__TASK INPUTS__
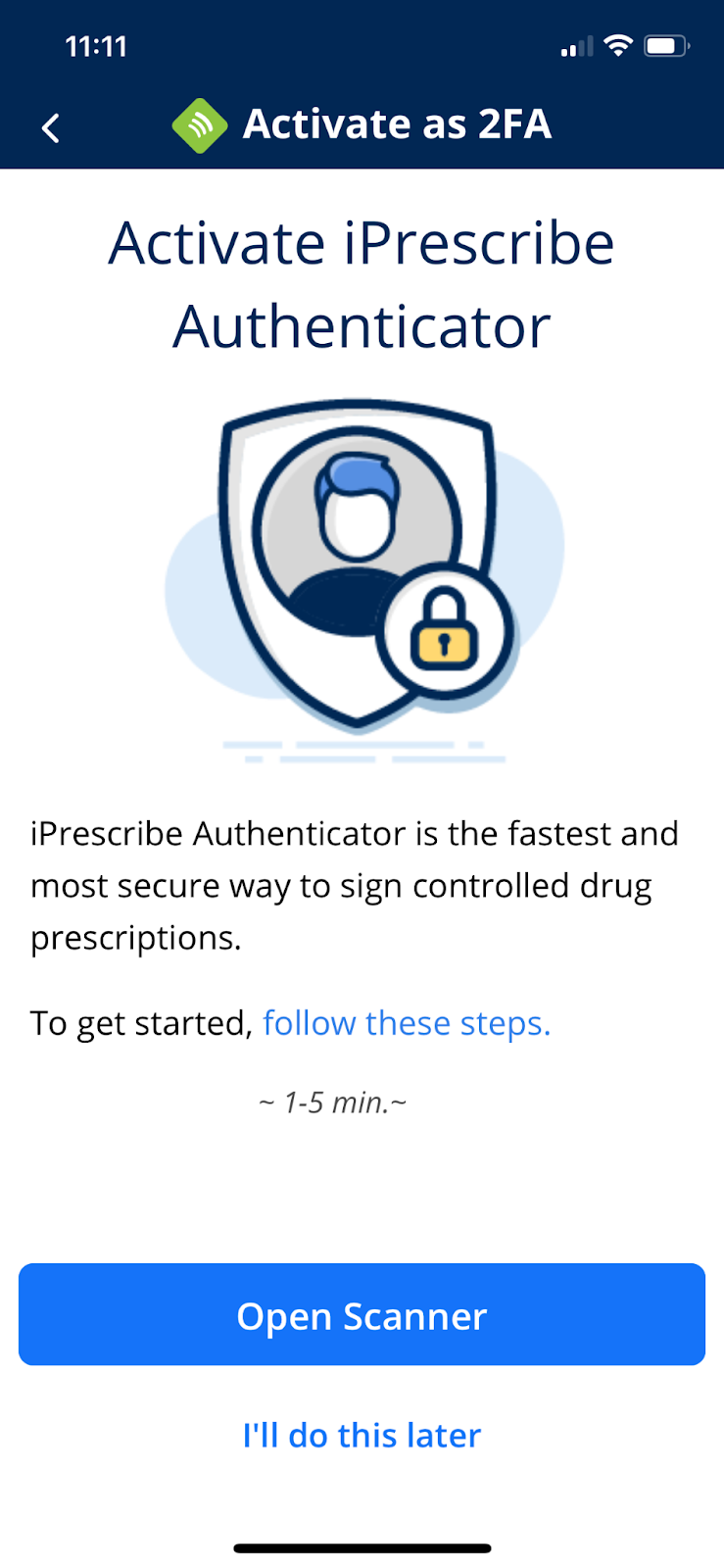 - Scan the QR code to install the iPrescribe Authenticator application to your phone. Please note that DEA requires you to install your authenticator app on a different device than the one you use to e-prescribe controlled substances.
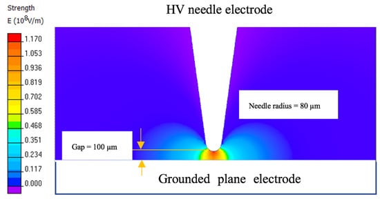 The Laplacian electric field in the needle-plane topology with a gap separation of 100 µm was simulated using QuickField electrostatic software. The axisymmetric model allows the field distribution to be obtained for a virtual 3D case, and the resulting field distribution is shown in Figure 6.
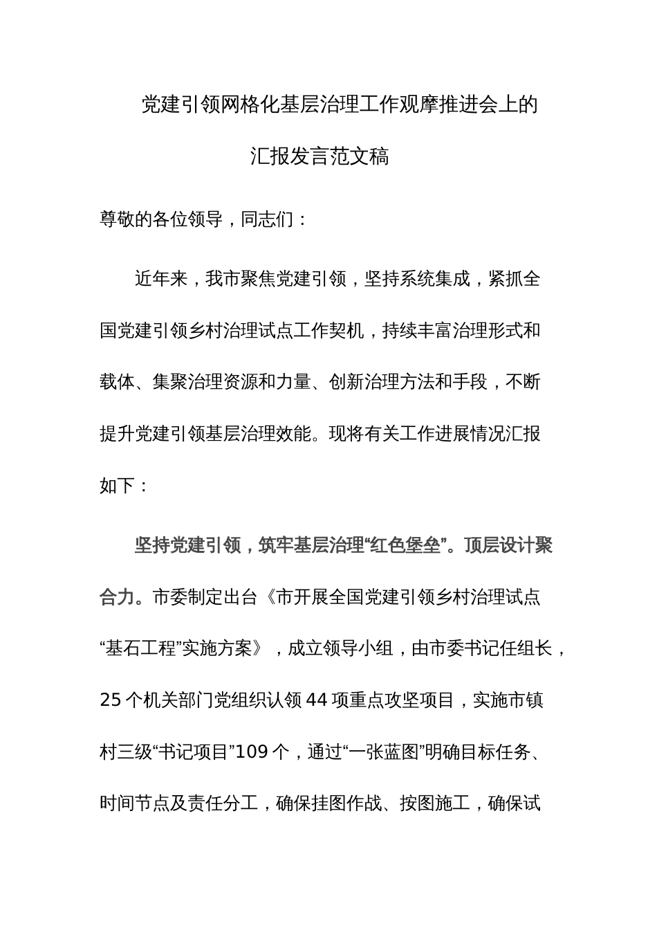 党建引领网格化基层治理工作观摩推进会上的汇报发言范文稿尊敬的各位领导,同志们:近年来,我市聚焦党建引领,坚持系统集成,紧抓全国党建...
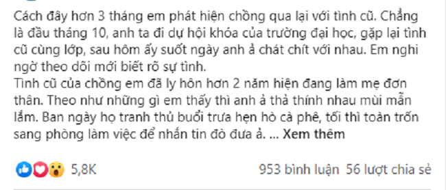 Mới đây, 1 cô vợ lên mạng than thở: "Cách đây hơn 3 tháng em phát hiện chồng qua lại với tình cũ. Chẳng là đầu tháng 10, anh ta đi dự hội khóa của trường đại học, gặp lại tình cũ cùng lớp, sau hôm ấy suốt ngày anh ả chát chít với nhau. Em nghi ngờ theo dõi mới biết rõ sự tình.
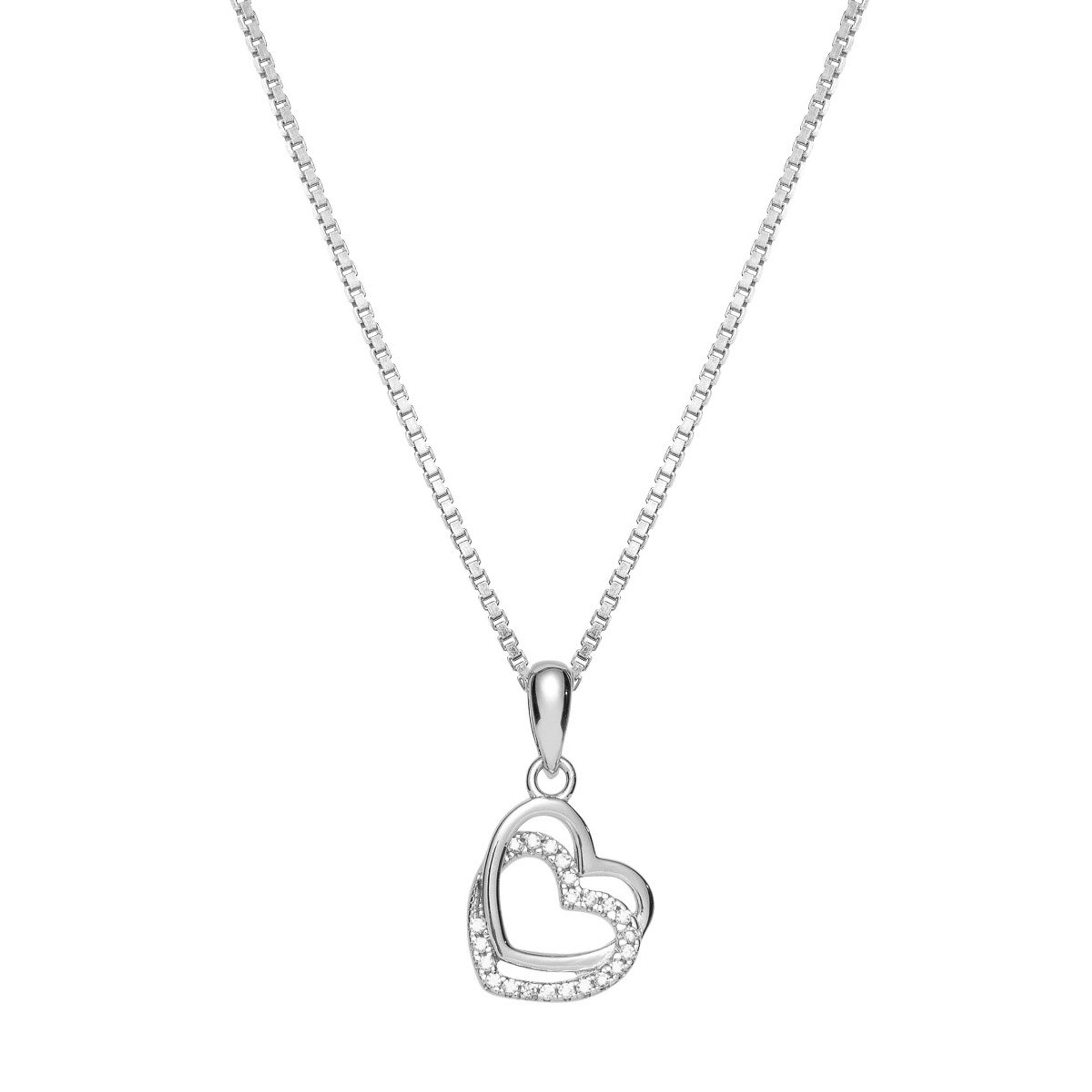 Et vakkert halssmykke i sølv med et anheng av hjerter. Disse to hjertene er overlappet sammen, hvor det ene hjertet er også prydet med glitrende stener. Smykket er et nydelig symbol på kjærlighet eller vennskap mellom to mennesker. Dette er en fantastisk gave til en du er utrolig glad i.

__WHAT IS NEEDED__
For this exercise, return exactly the lines above from the line with "党建引领网格化基层治理工作观" through the line with "Mới đây, 1 cô", both included. Do not copy the pictures.

__WRITTEN REPLY__
 党建引领网格化基层治理工作观摩推进会上的汇报发言范文稿尊敬的各位领导,同志们:近年来,我市聚焦党建引领,坚持系统集成,紧抓全国党建...
 Mới đây, 1 cô vợ lên mạng than thở: "Cách đây hơn 3 tháng em phát hiện chồng qua lại với tình cũ. Chẳng là đầu tháng 10, anh ta đi dự hội khóa của trường đại học, gặp lại tình cũ cùng lớp, sau hôm ấy suốt ngày anh ả chát chít với nhau. Em nghi ngờ theo dõi mới biết rõ sự tình.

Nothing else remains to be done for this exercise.